Let $U = {x \in ℝ^{n} : | x | > 1}$ . Suppose $u \in C^{2} (U) \cap C (\bar{U})$ is a bounded solution of the following Dirichlet problem: $Δ u = 0$ in $U$ , and $u = f$ on $Γ = {x \in ℝ^{n} : | x | = 1}$ where $f (x) \in C (Γ)$ .

(a) Consider $n = 2$ . Show that there exists at most one solution of the above problem. Hint: First, you might want to consider an appropriate maximum principle in $U$ by using $u \pm ϵ \log | x |$ .

(b) Now consider $n = 3$ . Show that it is possible to have more than one bounded solutions of the above problem. What additional condition should you impose so that the solution $u$ be unique in this case?

Solution

Solution 1a

We can't use the ordinary maximum principle for harmonic functions since our domain $U$ is unbounded. We hope to use what we would expect the maximum principle would be for this domain, but that requires proof.

Lemma: For the domain $U = {x \in ℝ^{n} : | x | > 1}$ , if $Δ u = 0$ then $\max_{\bar{U}} u = \max_{Γ} u$ .

Proof of Lemma: Consider the domain $U_{r} = {1 < | x | < r}$ and the function $u_{ϵ} = u - ϵ \log | x |$ . Since $\log | x |$ is the fundamental solution to Laplaces equation, then clearly $u_{ϵ}$ is harmonic and one can easily verify that $u_{ϵ} = f$ on $Γ$ .

Then since the domain $U_{r}$ is bounded, we can use the ordinary maximum principle and say that

$\max_{\bar{U_{r}}} u_{ϵ} = \max_{Γ} u_{ϵ} \lor \max_{\partial B (0, r)} u_{ϵ}$ .

We know that $\max_{Γ} u_{ϵ} = ‖ f ‖_{L^{\infty} (Γ)}$ . Now if $r$ is sufficiently large then we can guarantee that $\max_{\partial B (0, r)} u_{ϵ} < ‖ f ‖_{L^{\infty} (Γ)}$ . Sending $r \to \infty$ gives us $\sup_{\bar{U}} u_{ϵ} \leq \max_{Γ} u_{ϵ}$ . Now send $ϵ \to 0$ and we get $\max_{\bar{U}} u \leq \max_{Γ} u$ which proves the lemma.

If we replace $u - ϵ \log | x |$ with $u + ϵ \log | x |$ then by the same methods we can prove a minimum principle for our domain $U$ .

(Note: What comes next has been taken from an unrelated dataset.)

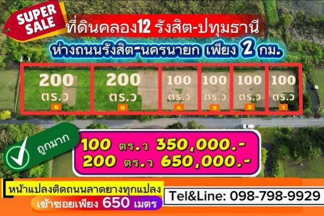 ชื่อโครงการ : ที่ดินคลอง12 ใกล้กับ รังสิต-นครนายกเพียง 2 กม.

Now suppose $u_{1}, u_{2}$ are two bounded solutions to the Dirichlet problem. Let $w = u_{1} - u_{2}$ . Then $w$ solves $Δ w = 0$ in $U$ and $w = 0$ on $Γ$ . Then by our maximum principle lemma, $\sup_{\bar{U}} w \leq \max_{Γ} w = 0$ . Similarly by the minimum principle, $\inf_{\bar{U}} u \geq \min_{Γ} w = 0$ . This implies $w \equiv 0$ , i.e. $u_{1} \equiv u_{2}$ , which proves that bounded solutions to this Dirichlet problem are unique.

Solution 1b

Now when $n = 3$ we can have more than one bounded solution to the Dirichlet problem on $U$ . Suppose $u$ is one such bounded $C^{2}$ solution. Recall that $1 / | x |$ is the fundamental solution to Laplace's equation in dimension 3. Therefore $v = (u - 1) + 1 / | x |$ is also harmonic and one can verify that $v = f$ on $Γ$ . It is also easy to verify that $v$ is also bounded on $U$ . Therefore both $u, v$ are distinct, bounded solutions. Therefore solution is not unique.

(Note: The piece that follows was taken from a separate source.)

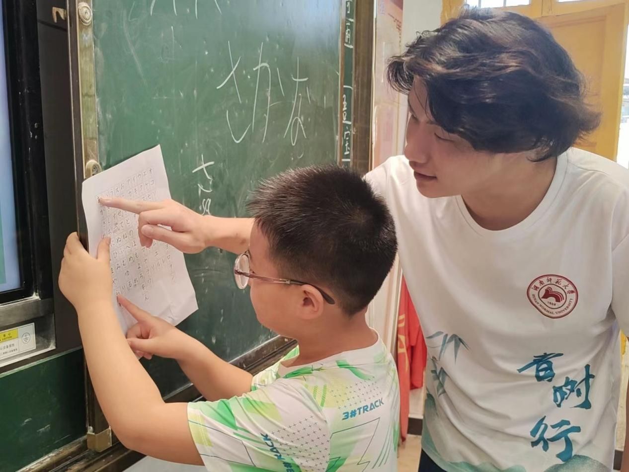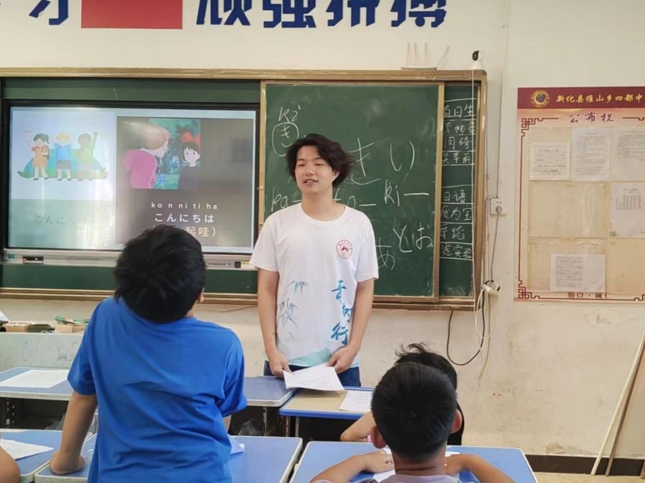 (记者 邹韵霖 蒋婷婷 刘艺杰)7月15日上午,我院经管系、理工系三下乡“青树行”暑期社会实践团在四都中学开设日语特色课程。“青树行”代表队文娱组组员王俊峰担任主讲人。

How can we get a unique solution? Recall that $w$ solves $Δ w = 0$ in $U$ and $w = 0$ on $Γ$ . Integration by parts shows that

$\begin{matrix} 0 = \int_{U} w Δ w & = - \int_{U} | D w |^{2} + \int_{γ} w \frac{\partial w}{\partial ν} d S + \lim_{r \to \infty} \int_{\partial B (0, r)} w \frac{\partial w}{\partial ν} d S \\ = - \int_{U} | D w |^{2} + 0 + \lim_{r \to \infty} \int_{\partial B (0, r)} w \frac{\partial w}{\partial ν} d S \end{matrix}$

So if we imposed $\lim_{| x | \to \infty} w (x) = 0$ then we would have $\int_{U} | D w |^{2} = 0$ which implies that $w$ is constant. But the boundary conditions tell us that $w \equiv 0$ . In other words, then the solution would be unique.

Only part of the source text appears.